One thing I've been doing a lot of, is reading my Bible. Like I've discussed, before.
In addition, I've been praying, more and more. Not just for myself, but for others, too.
Television (TV) is something I've been watching a lot of. Unfortunately, I didn't find much to watch last Saturday evening.
So instead, I watched a movie online. I hadn't planned to watch this film. In fact, until I came across it by accident, I didn't even realize this movie was available through the internet.
The movie I watched online is entitled, Carpenters, Karen Carpenter Story. If you'd like to read about the movie, here is a link so you can check it out: http://en.wikipedia.org/wiki/The_Karen_Carpenter_Story.
If you'd like to watch the movie, please click on this link: http://www.youtube.com/watch?v=PIHyovdCMHE.
In the film, there was many songs played. Songs that I adore. And, adore singing.
In the past, I've been told many times about how I sound very much like Karen Carpenter, when I sing The Carpenter's songs.
Not just after I sang one of their songs at the legion, last fall. But also, many years ago.
In the past, I wrote how my next door friend and neighbour called me and asked me to visit with her and her husband. It was then that I found out that whenever I was in the shower singing, her husband would sit in their bathroom, listening to me... if he was upstairs.
This fellow had extreme connections in Toronto. He wanted me to allow him to give me a music career. He loved my singing.
Unfortunately, it didn't happen. I just couldn't do it.
As I've discussed in the past, I had such stage fright, that even if I had known that he had been listening to me sing, I wouldn't have been able to do it.
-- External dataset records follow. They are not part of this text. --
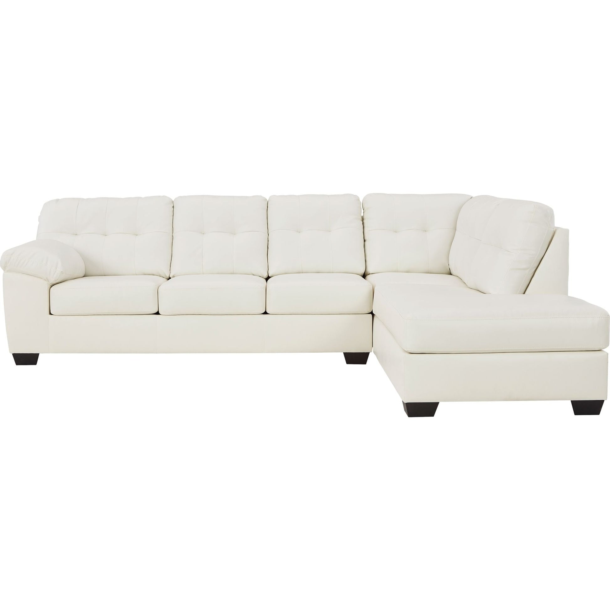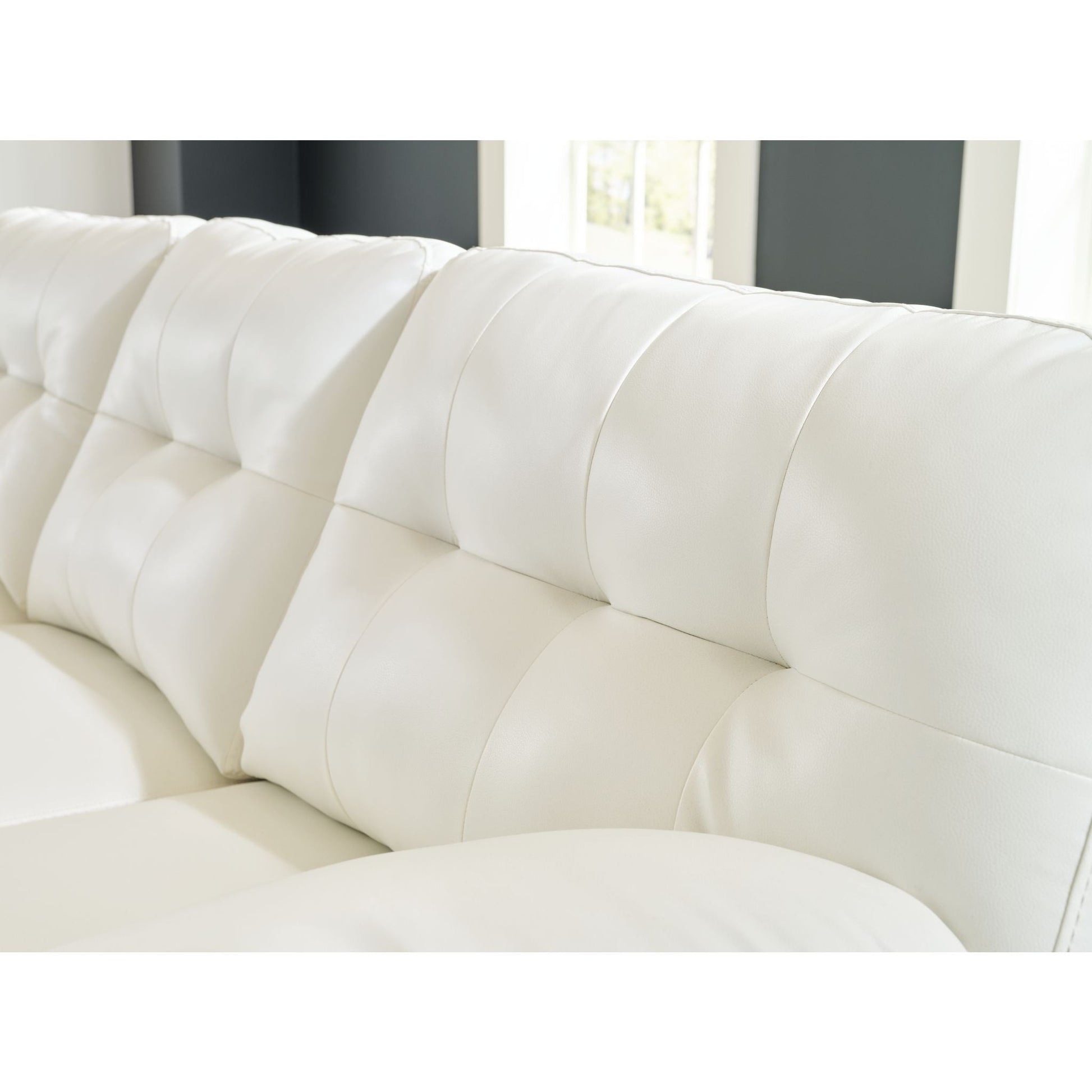 Dressed in glorious white faux leather, this sectional is certain to be the center of attention. With tasteful tufting, padded armrests and a sleek tapered design, its generous scale lets you share the space with family or use it for entertaining when friends drop in.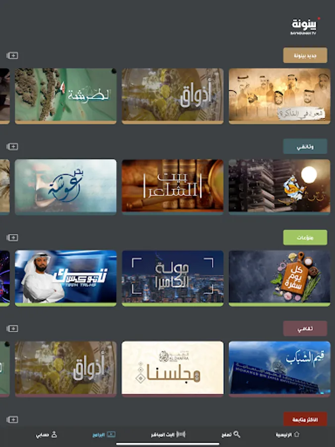 Baynounah TV is an Emirati TV channel with a mission to reflect the daily lives of the Emirati community. A pioneer in broadcasting national and local heritage, the channel’s diverse programming touches on social awareness, health, heritage and cultural, and religious topics.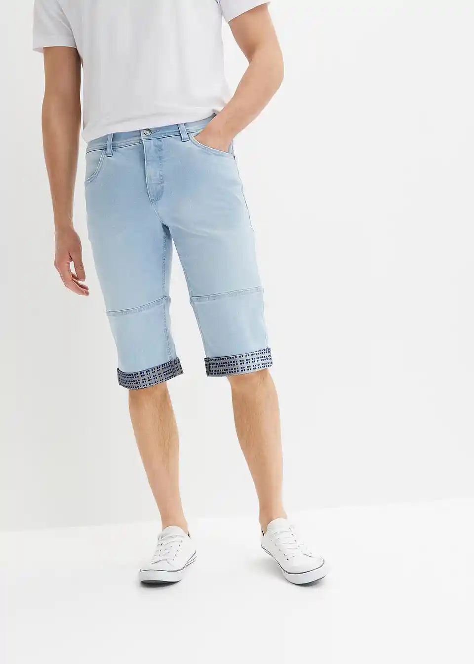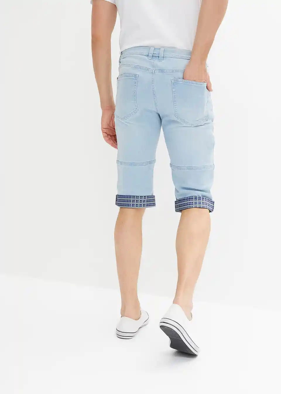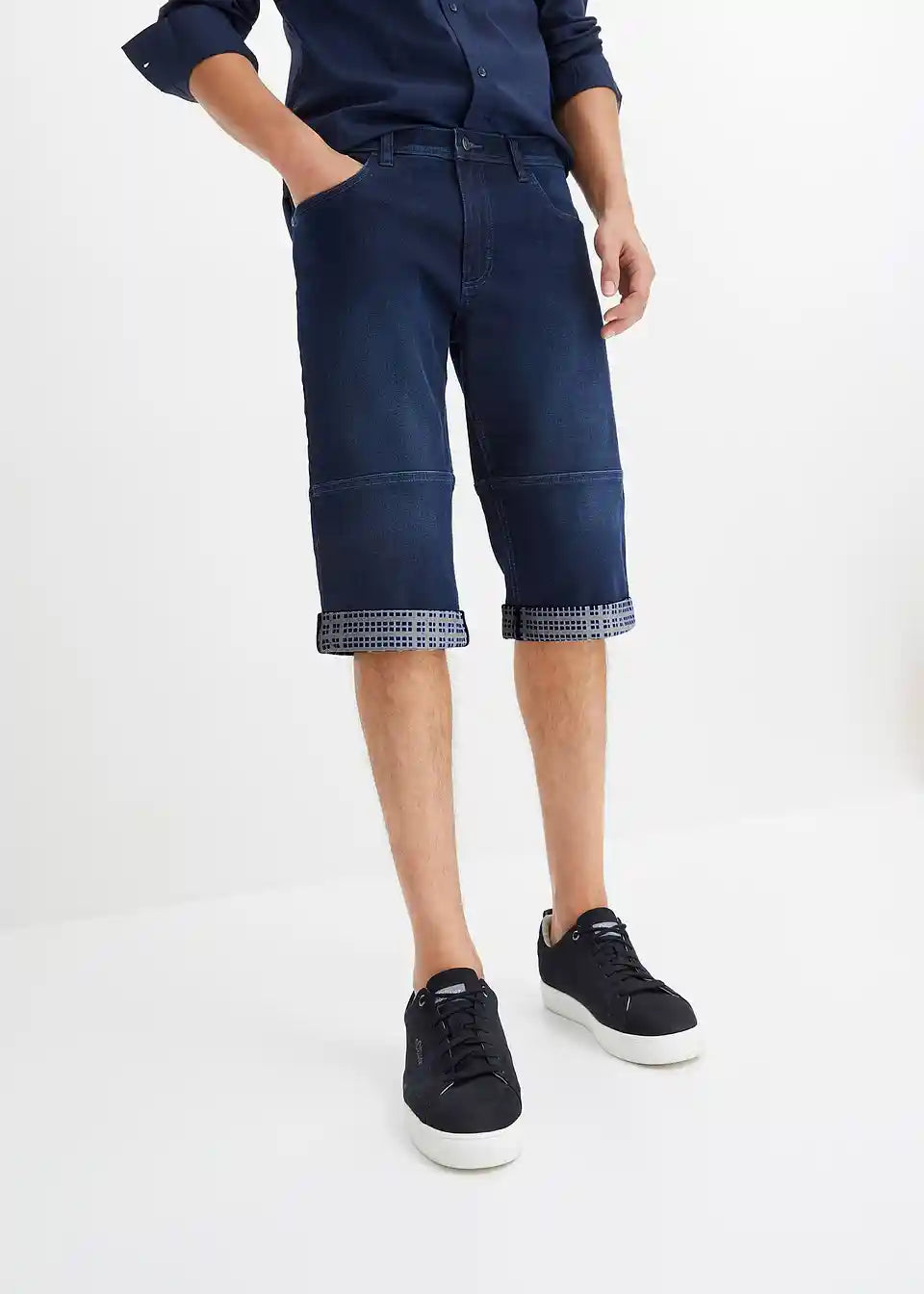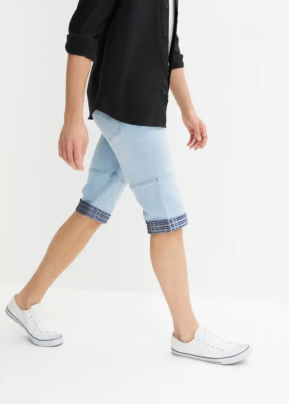 Moderni rastezljivi traper bermuda s presavijenim rubom

I would have stopped singing.
At the time, I was a believer. One of God's children.
However, at that time, God was not first (1st) and foremost in my life. My focus was more secular in nature. Unlike, today.
At the time, I didn't realize that this fear was an attack from Satan. In retrospect, I realize that it was.
Had God been first (1st) and foremost in my life at that time, I would have been reading my Bible regularly. And, realized that my life could have been different, had I honoured God, before anything else.
Just as we read in James 4:7, "Submit yourselves therefore to God. Resist the devil, and he will flee from you."
That was then.
Today, things are different. God is first (1st) and foremost in my life. And now, I do everything I can to resist the devil.
God healed me from the fear that prevented me from fulfilling a dream that would have satisfied a desire in my life, back then.
Now, I am grateful any time I am able to sing, and honour my Lord. Whether by singing hymns, or by singing secular songs that I sometimes change lyrics of, to honour Him.
After all, He deserves all the honour and glory!